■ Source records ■
────
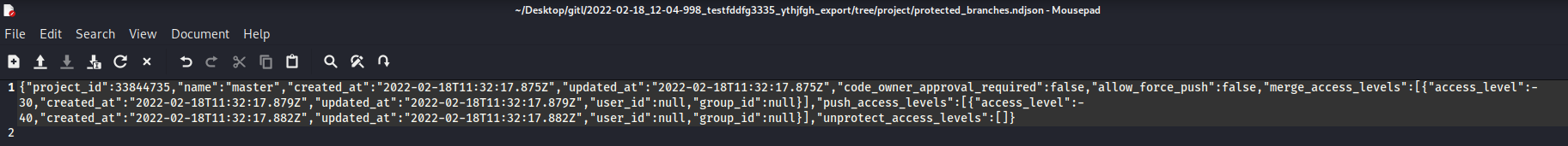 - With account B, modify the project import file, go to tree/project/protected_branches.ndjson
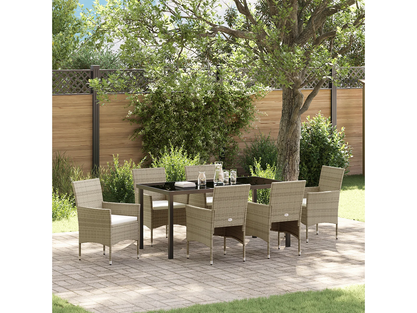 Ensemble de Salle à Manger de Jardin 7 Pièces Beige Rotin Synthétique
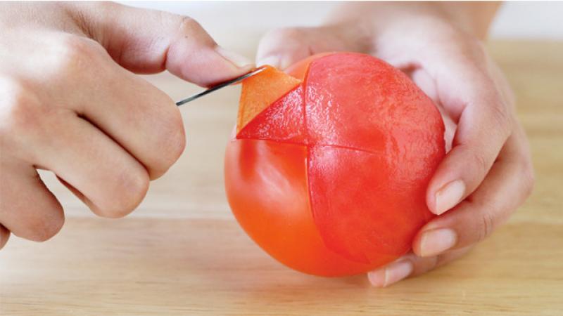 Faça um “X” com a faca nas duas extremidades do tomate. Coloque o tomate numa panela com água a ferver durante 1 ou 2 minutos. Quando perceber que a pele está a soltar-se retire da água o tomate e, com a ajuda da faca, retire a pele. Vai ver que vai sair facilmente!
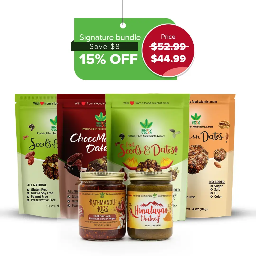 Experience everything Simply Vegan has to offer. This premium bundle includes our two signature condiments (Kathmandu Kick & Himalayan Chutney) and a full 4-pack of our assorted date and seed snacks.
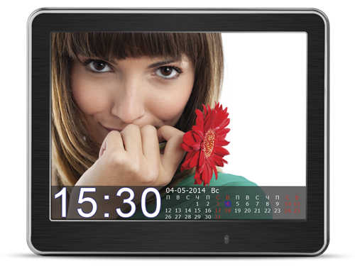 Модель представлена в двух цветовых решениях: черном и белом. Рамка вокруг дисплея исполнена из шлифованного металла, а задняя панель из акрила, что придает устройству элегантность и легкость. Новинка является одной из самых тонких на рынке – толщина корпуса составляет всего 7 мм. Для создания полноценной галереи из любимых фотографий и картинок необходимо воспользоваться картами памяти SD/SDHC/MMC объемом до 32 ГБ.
────
■ WORK INSTRUCTION ■
With the pictures left out, write out exactly the lines above from the one containing "vai sair facilmente!" through the one containing "Experience everything Simply".

■ EXERCISE SOLUTION ■
 Faça um “X” com a faca nas duas extremidades do tomate. Coloque o tomate numa panela com água a ferver durante 1 ou 2 minutos. Quando perceber que a pele está a soltar-se retire da água o tomate e, com a ajuda da faca, retire a pele. Vai ver que vai sair facilmente!
 Experience everything Simply Vegan has to offer. This premium bundle includes our two signature condiments (Kathmandu Kick & Himalayan Chutney) and a full 4-pack of our assorted date and seed snacks.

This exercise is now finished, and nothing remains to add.